The robber baron gave Miles a hard look. "You read too many dime novels, Sheriff."

"Are you refusing to answer my question?"

"Whether the owner of the Smokehouse is a member of a tong? I'm not in the habit of asking questions like that. And frankly, I don't care."

"As long as the money comes in, right?"

"What is that supposed to mean?"

"I mean the establishment is on your company's property. You get a cut of the action, don't you? Or would you rather I call it above-market rent?"

Buchannan's eyes narrowed. "Sheriff, I'll tell you what—you take care of your fiefdom, and I'll take care of mine." The men stared each other down until Buchannan said, "Anyway, you'd better scamper back to your little fish camp of a town or you're going to be late."

"Late for what?"

"For supper, boy. Doesn't your mother still cook your supper every evening? Don't you still live in your mother's house?"

Miles's right hand rose until his fingertips just touched the cold steel butt of his holstered pistol. He gave serious thought to stepping forward and pistol-whipping Buchannan across the face—a feat he could manage without compunction. But he knew that Buchannan's escorts would gleefully crack his ribs—or his skull—with the butts of their shotguns before he could disengage.
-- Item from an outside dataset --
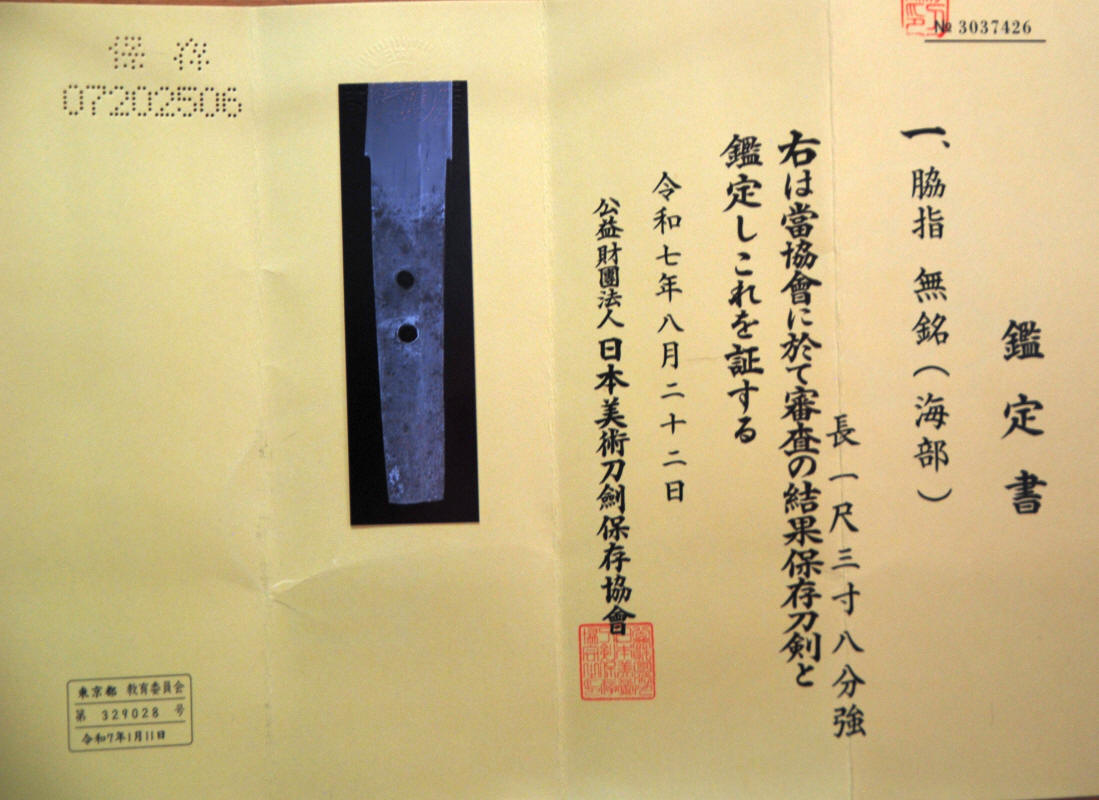 KAIFU: The Kaifu sword group was a school of swordsmiths based in Awa province, the present day Tokushima on the island of Shikoku. They flourished from the Kamakura jidai to the end of the Edo jidai. The Kaifu district that served as a line of defense from the neighboring Tosa province. They are frequently classified as wakimono (not of the gokaden), and considered fascinating though often under rated.
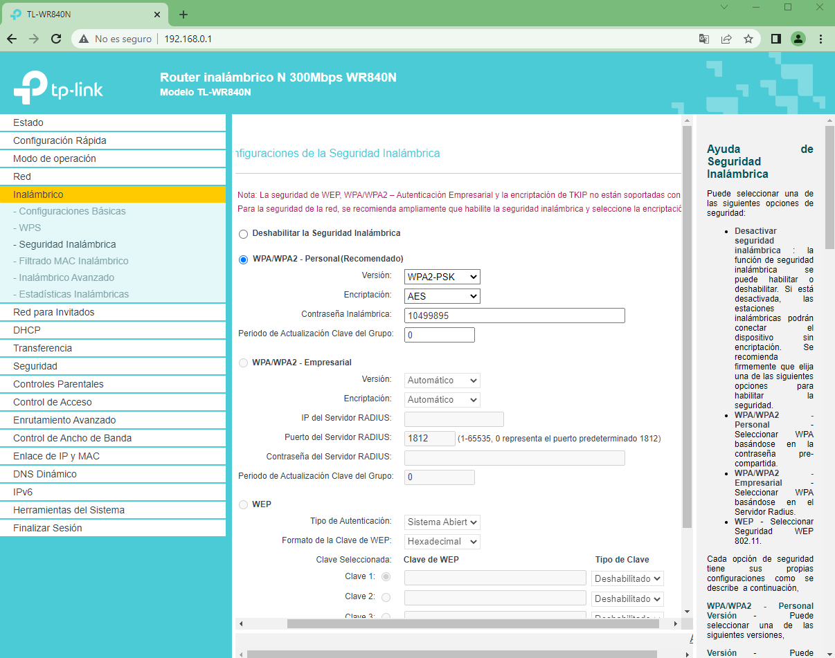 El siguiente paso es accesar al apartado de >Inalámbrico y seleccionar >Seguridad Inalámbrica como se muestra en la imagen.

Buchannan knew it too.

It was Buchannan's way of reminding Miles of who was really in charge—and that money always trumped the law.

Miles took a couple of deep breaths through flared nostrils before he and Floyd turned and walked away.

"That was enlightening," Floyd muttered once they were out of earshot.

"Was it?"

"I learned that not only does your mother still make your lunches for you, but you still live with her as well. Surprise, surprise."

 

*****

 

The moment he got back to the station, Miles rang Marion and told her about the rusty nail.

"So," he said, "unfortunately, I'm going to have to catch tonight's boat to Bellingham so that I can get the tetanus antitoxin serum at the hospital first thing in the morning. Which also means that I can't meet for dinner."

"You don't have to trouble yourself with all that," Marion said.

"Only if I want to live."

"Nonsense. We'll just call Swedish Hospital in Seattle and have them send the serum up on the Bangor tomorrow morning."

"They'll insist that it be prescribed to a medical professional to administer the injection."

"Right. We'll have Sylvia make the call."

"Sylvia?"

"She's a nurse. She was in the War."

"Sylvia was in the War? You're kidding."

"I'm not. So we can have dinner after all. See you in an hour."

Miles was elated. He hung up the phone with a huge smile on his face. At that moment, Bill came flying through the door. "Sheriff, I've been looking all over for you."

"I was out at Roche Harbor, like I told you. What's up?"

"Akroyd's body washed up at Smallpox Bay."

After a stupefied moment, Miles almost chuckled. "Of course," he muttered, reaching for the phone to re-cancel dinner with Marion.